Work instruction: In the listing below, find the line with "Made in USA" and the line with "フェルト芯のはく離紙をはがし", then return them and every line between them exactly, minus the pictures.

Provided material:
= = =
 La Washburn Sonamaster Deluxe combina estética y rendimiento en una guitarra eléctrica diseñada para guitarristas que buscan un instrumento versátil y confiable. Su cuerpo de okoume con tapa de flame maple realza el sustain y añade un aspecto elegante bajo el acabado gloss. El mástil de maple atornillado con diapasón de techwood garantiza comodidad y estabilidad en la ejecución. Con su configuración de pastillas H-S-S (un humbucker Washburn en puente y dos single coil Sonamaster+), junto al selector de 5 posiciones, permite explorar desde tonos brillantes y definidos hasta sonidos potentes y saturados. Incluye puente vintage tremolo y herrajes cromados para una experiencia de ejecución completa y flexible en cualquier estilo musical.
= = =
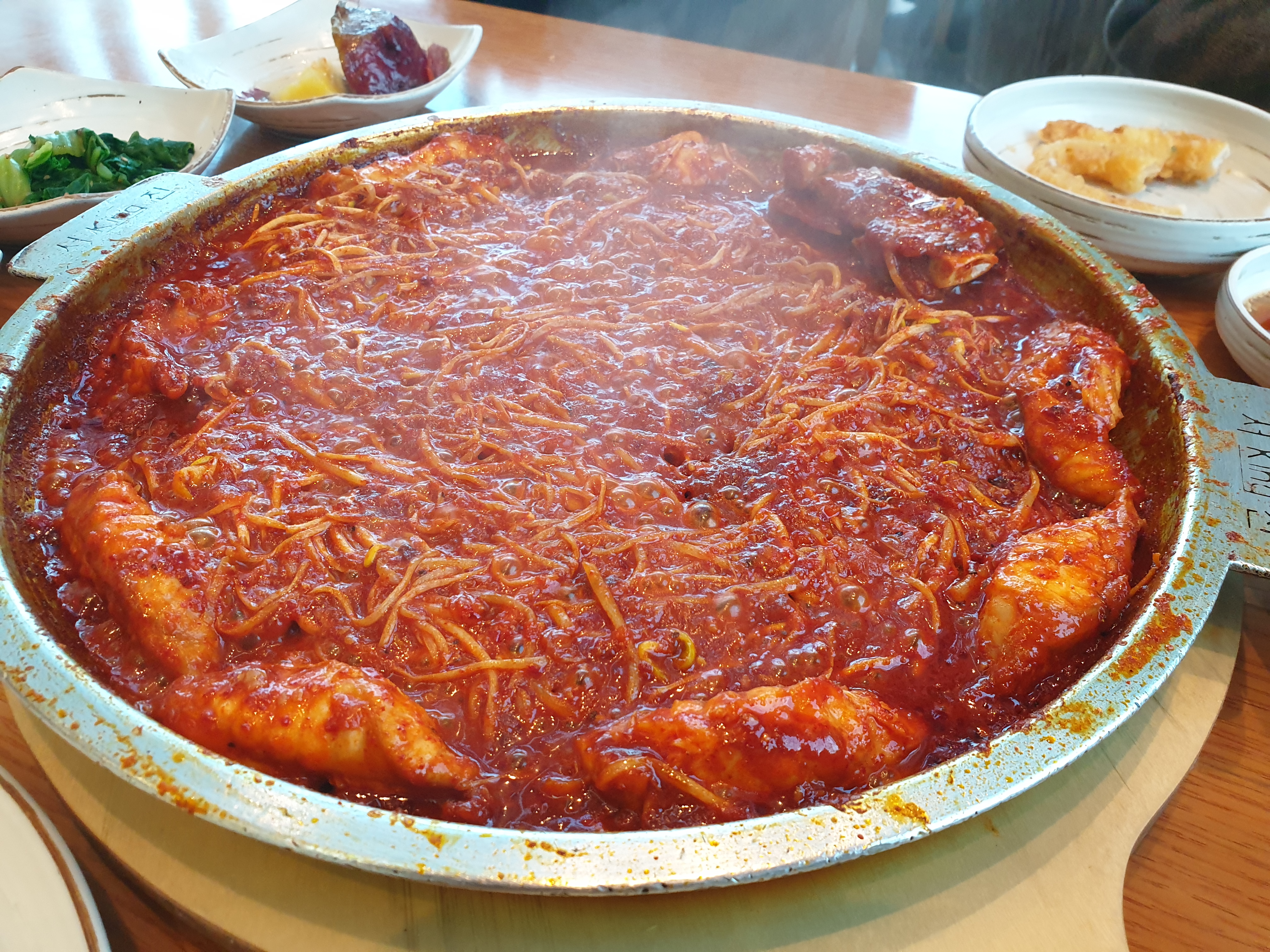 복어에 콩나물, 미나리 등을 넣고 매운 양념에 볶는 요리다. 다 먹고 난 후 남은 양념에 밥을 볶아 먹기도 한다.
= = =
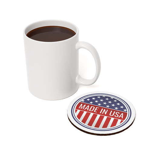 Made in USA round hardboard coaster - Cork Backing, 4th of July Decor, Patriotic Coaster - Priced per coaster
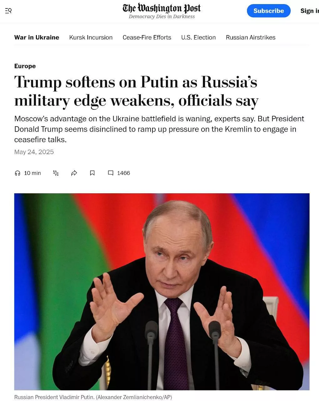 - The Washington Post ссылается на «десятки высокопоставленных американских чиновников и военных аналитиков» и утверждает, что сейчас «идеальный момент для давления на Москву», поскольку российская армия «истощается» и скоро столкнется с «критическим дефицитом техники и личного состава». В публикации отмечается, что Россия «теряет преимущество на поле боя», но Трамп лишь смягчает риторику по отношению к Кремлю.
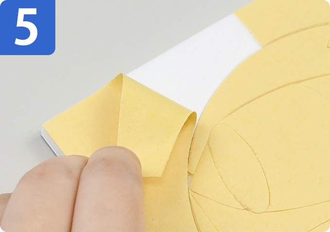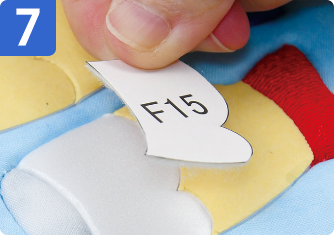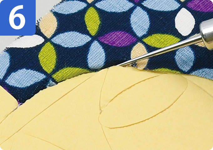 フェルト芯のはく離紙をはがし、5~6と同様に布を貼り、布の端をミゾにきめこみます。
= = =
Solution for this problem:
 Made in USA round hardboard coaster - Cork Backing, 4th of July Decor, Patriotic Coaster - Priced per coaster
 - The Washington Post ссылается на «десятки высокопоставленных американских чиновников и военных аналитиков» и утверждает, что сейчас «идеальный момент для давления на Москву», поскольку российская армия «истощается» и скоро столкнется с «критическим дефицитом техники и личного состава». В публикации отмечается, что Россия «теряет преимущество на поле боя», но Трамп лишь смягчает риторику по отношению к Кремлю.
 フェルト芯のはく離紙をはがし、5~6と同様に布を貼り、布の端をミゾにきめこみます。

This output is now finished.